::: INPUT DATA :::

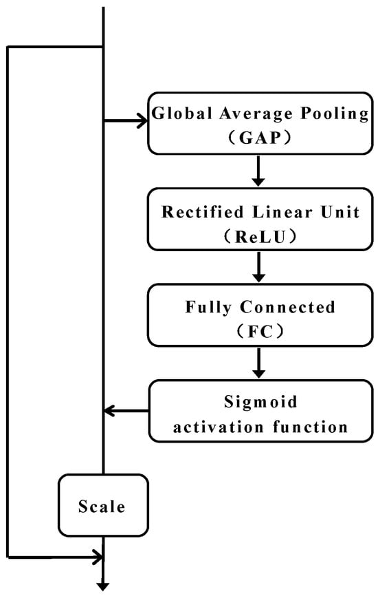 In TRCAM-Unet networks, in addition to enhancing the extraction of local features, the suppression of noise is also a key factor in improving the overall performance of the network. In deep learning, the attention mechanism allows the model to find the data that are more important to the current task out of a huge amount of data, reduce or eliminate other unimportant data, and then improve the processing efficiency and accuracy of the data. To this end, we added SEblock [25] to TRCAM-Unet to focus more on the water surface features while ignoring the noise in various complex backgrounds. SEblock is an attention module based on channel dimensions, which extracts the feature information that is beneficial to the task from each channel of the feature map and achieves the suppression of globally useless information. Meanwhile, similar to the hopping structure, SEblock adds the residual structure [26] to achieve the preservation of shallow features (regional features) in order maintain the feature information that originally existed in the feature map when changing the weights of the channels. The residual channel attention module is shown in Figure 10.
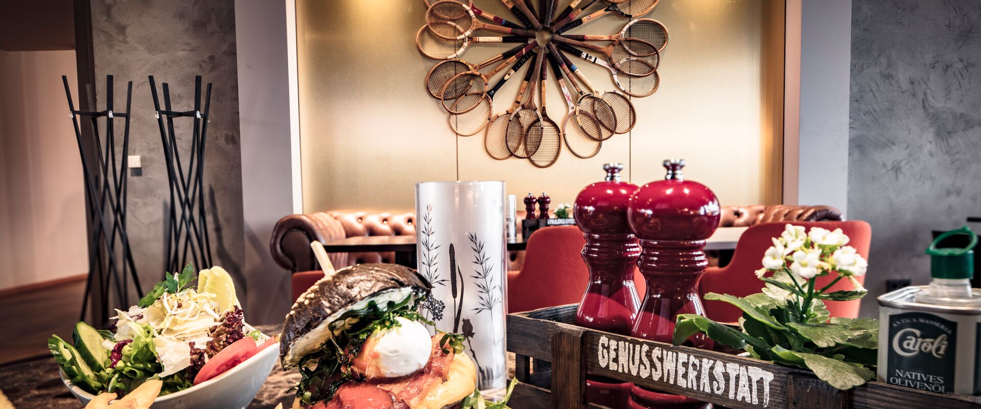 Erleben Sie in der Genusswerkstatt mit Ihren Freunden und Ihrer Familie eine kulinarische Vielfalt mit frischen, teilweise regional angebauten Zutaten in einer gemütlichen und modernen Einrichtung.
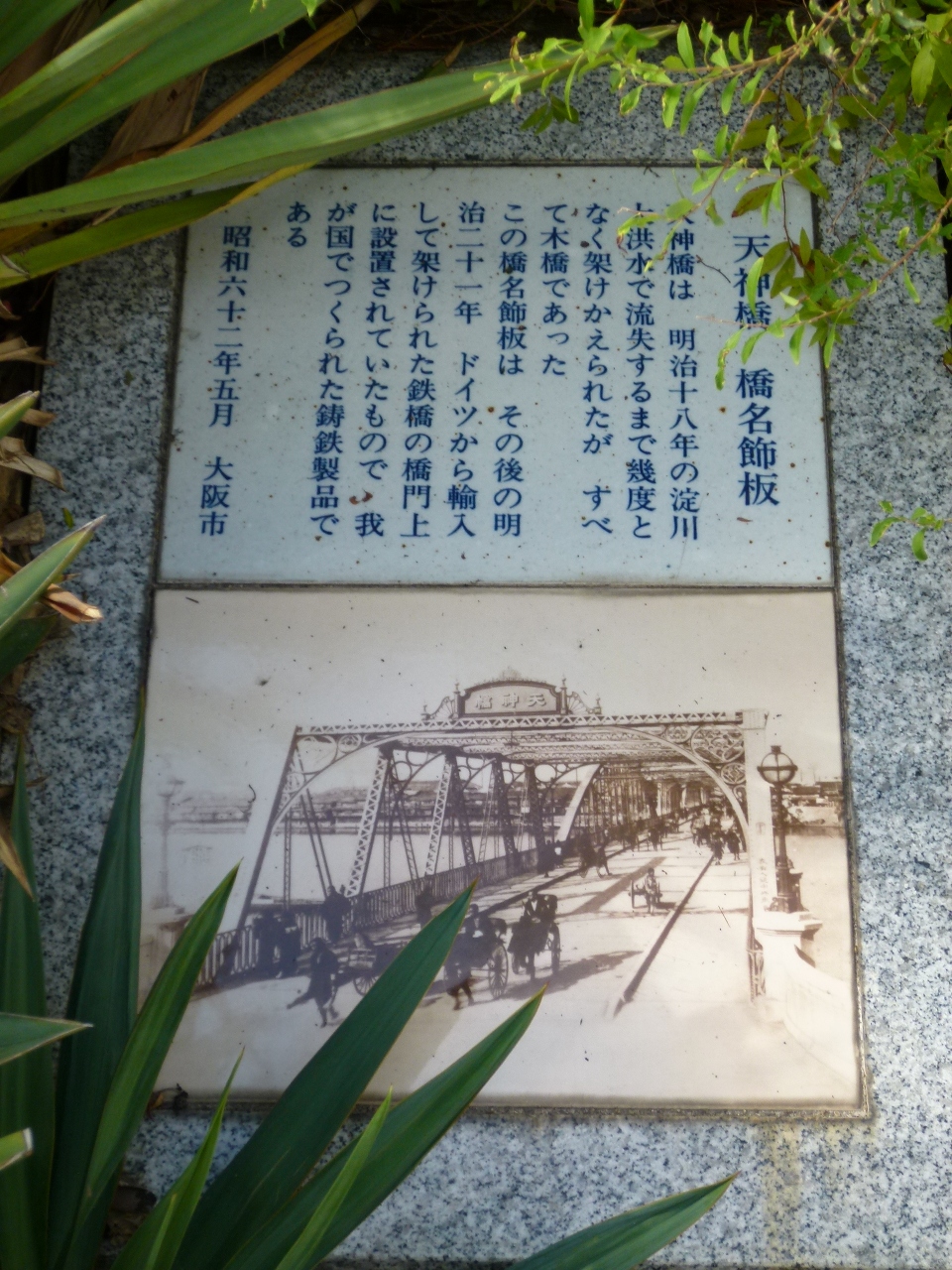 南天満公園から歩いてきましたが、河川からみる「天神橋」は、とてもどっしりしていますね。明治初期までは木造だったようですが、水害により崩壊、現在の鉄橋になっています。この橋の中央から中之島に入ります。バラ園もあり、とても良い散歩コースです。
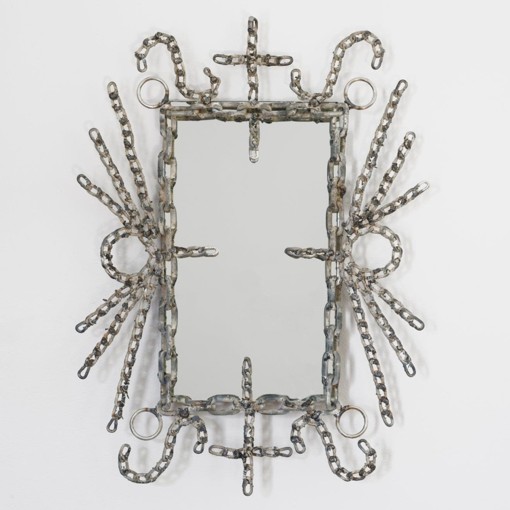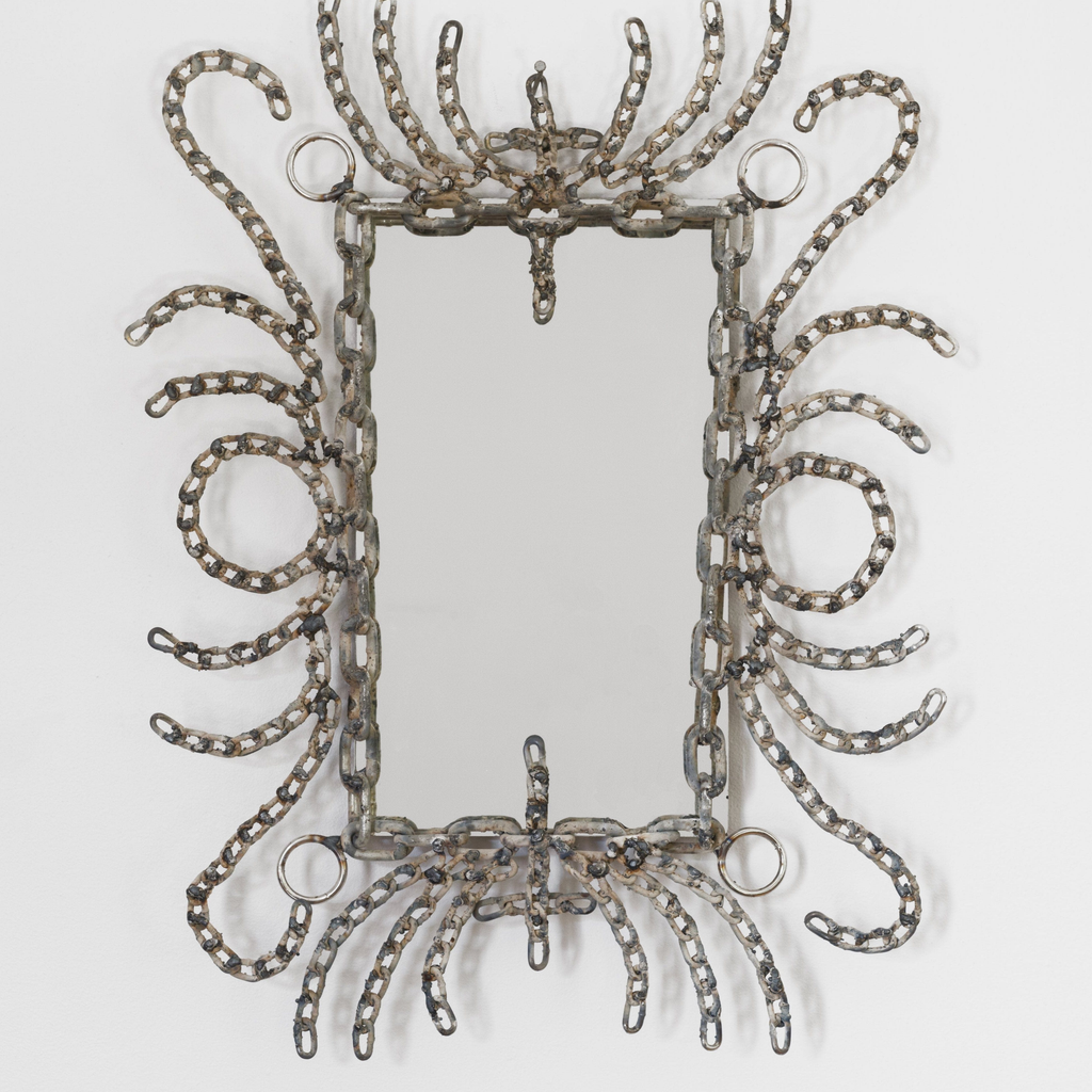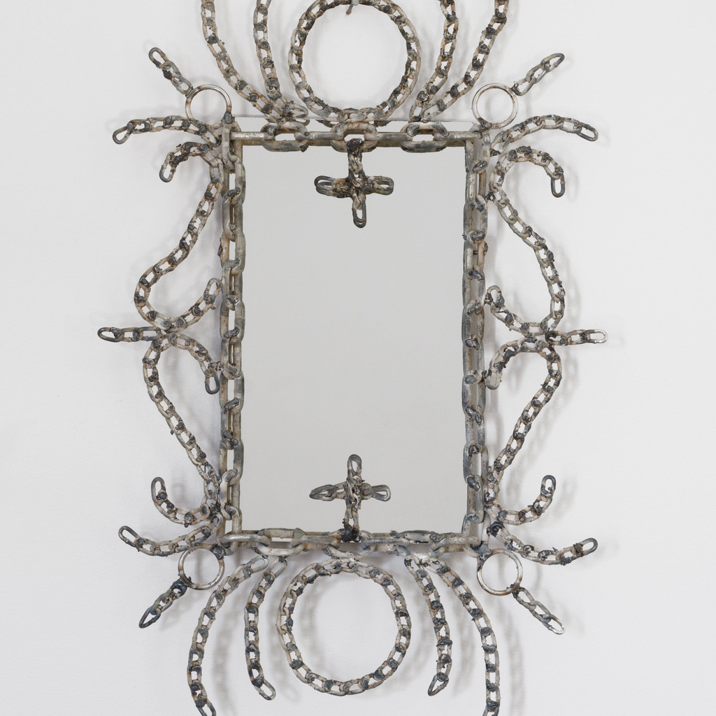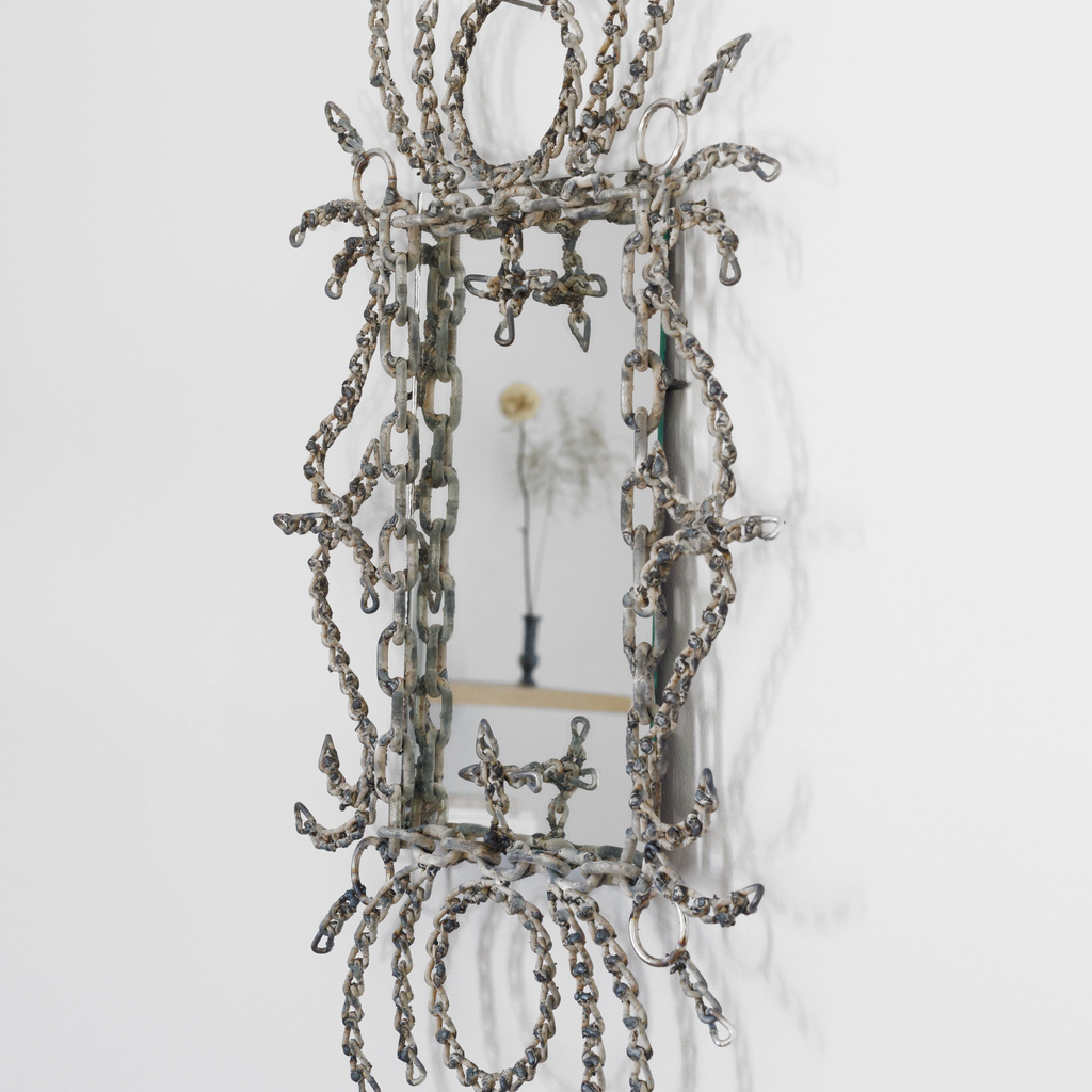 The welded galvanised chain offers a unique patina reminiscent of a ceramic shell juxtaposed with a crystal clear mirror.

:::

**EXERCISE:** Leaving the pictures aside, write out only the lines from the one containing "南天満公園から歩いてきました" through the end of the material, exactly as they stand.

**WRITTEN SOLUTION:**
 南天満公園から歩いてきましたが、河川からみる「天神橋」は、とてもどっしりしていますね。明治初期までは木造だったようですが、水害により崩壊、現在の鉄橋になっています。この橋の中央から中之島に入ります。バラ園もあり、とても良い散歩コースです。
 The welded galvanised chain offers a unique patina reminiscent of a ceramic shell juxtaposed with a crystal clear mirror.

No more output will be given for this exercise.